You can use a shader, leave it as an exercise to fix colors and width ``````function dashed(x1,y1,x2,y2,seg)
local m = mesh()
varying lowp vec4 vColor;
varying highp vec2 vTexCoord;
uniform highp float seg;

void main() {
highp float d = 1.0/(seg-.5);
if(mod(vTexCoord.x,d) > (d*.5)) { discard; }
gl_FragColor = vColor;
}
]]
local a, b = vec2(x1,y1),vec2(x2,y2)
local v = b - a
local p = a + v * .5
m:draw()
end
``````
• edited January 2014 Posts: 82

Haha, it seems that my code doesn't even work right when `x2,y2 < x1,y1`, so I'm gonna take a good look at all of your options.

Edit: I'm gonna go with @SkyTheCoder's way here, I didn't really think of just using the built-in vector functions. Looking back, it's amazing how I managed to write so much code to accomplish this.

@tnlogy Your code seems to work fine to, but I'm not that familiar with shaders yet, so I rather not use them. But in the end, are meshes a faster way of drawing lines? Or is the line function of Codea already a mesh at heart?

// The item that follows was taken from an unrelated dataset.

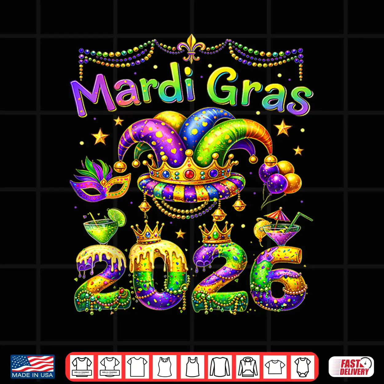 Mardi Gras 2026, Carnival, Jester, Beads, Parade, NOLA, shirt
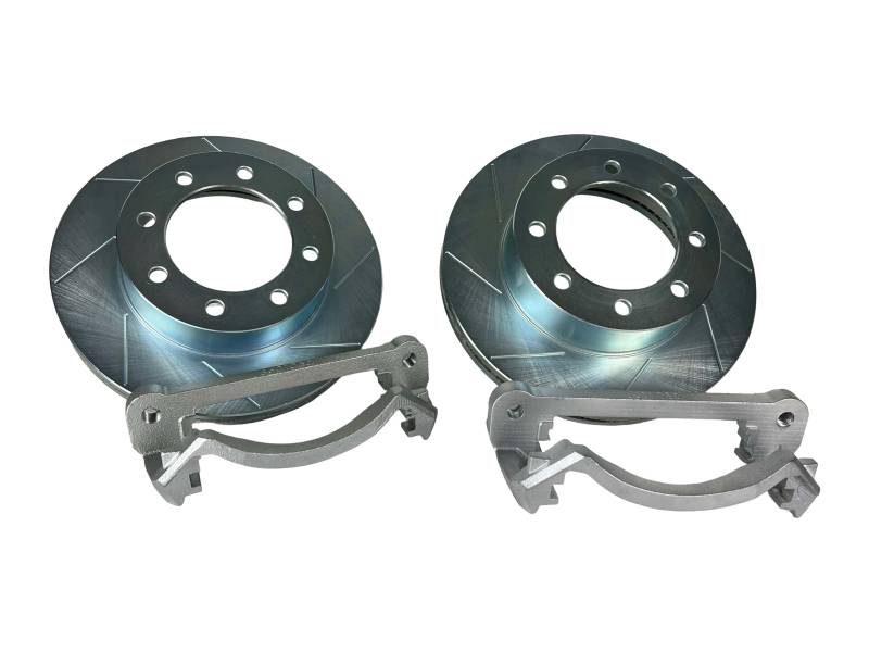 Upgrade your stopping power without breaking the bank with the Baer Big Claw HD brake kit. The Big Claw HD kit includes a pair of larger than stock diameter rotors (up to 2 inches larger on some applications) that are purpose cast with directional cooling vanes, along with a pair of new caliper relocation brackets to move the calipers outward to accommodate the larger rotors while maintaining OE Pad and hardware fitment. Independent third-party testing showed up to a 49% gain in braking effectiveness due to the increased brake torque and leverage from the larger diameter rotors, along with as much as a 200-degree reduction in brake rotor temperatures vs OE in extreme conditions due in part to the curved vane design. Together, these equal improved stopping distances, reduced brake fade and enhanced braking confidence all at a fraction of the cost of other leading replacement kits. *** Because of the abundance of wheel companies and styles, it is impossible for Baer to guarantee the fit of the Big Claw HD rotors into a specific wheel. To verify fitment, we recommend using the template specific to the system you are interested in and compare it to the wheel of choice, including spare tire/wheel.***

Also, thank you all for your input!

• Posts: 521

Yes, meshes are faster according to earlier tests, I think line is implemented in a shader, but I guess it is slower since it handles many special cases such as cap mode? Also, if you want to draw a line for several frames, you can store the mesh value m in my example and only call m:draw() in the draw function. Or add thousands of line to id with addRect. You can return to the code if you run into performance issues.

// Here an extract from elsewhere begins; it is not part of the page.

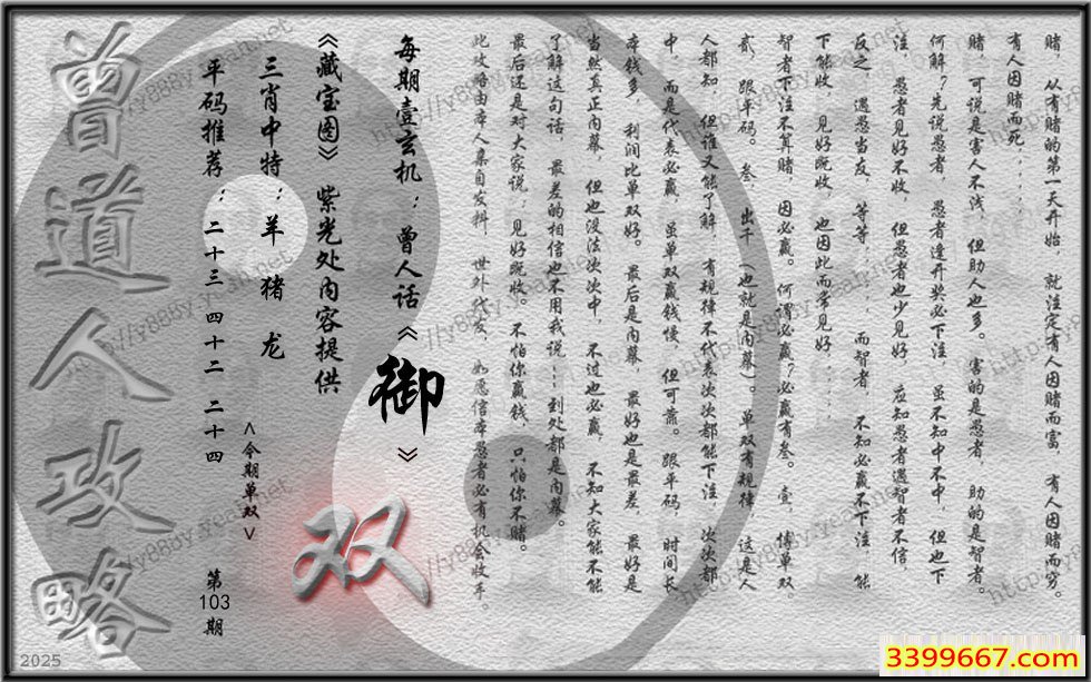 103期藏寶圖 新:花鲜绚日猩红妒 老:闻道潮头壹丈高 禁:蛇 禁:9尾 玄機字:《卸》

A fragment shader as above is called for every pixel on the rectangle I've defined with a vTexCoord going from x = 0 to x=1. Probably better to define a complementary color than to use discard, since it is a bit slower than to draw the pixel.

• Posts: 3,297

@tnlogy oh! You can draw negative colors to the screen with shaders? What happens if the result is <0 or >255?

• Posts: 5,396

@Jmv38 - shaders automatically restrict the result to be between 0 and 1 (as a fraction of 255)

• Posts: 3,297

@ignatz cool!

• edited January 2014 Posts: 5,396

@Jmv38 - yes and no. This restriction can lead to false colours.

eg if you get an answer of (510, 100, 100), then restricting the color gives you (255, 100, 100), which dramatically reduces just the red.

Instead, you could scale all the numbers down to get (255, 50, 50)

But I'm not sure there is any perfect way of handling boundary conditions.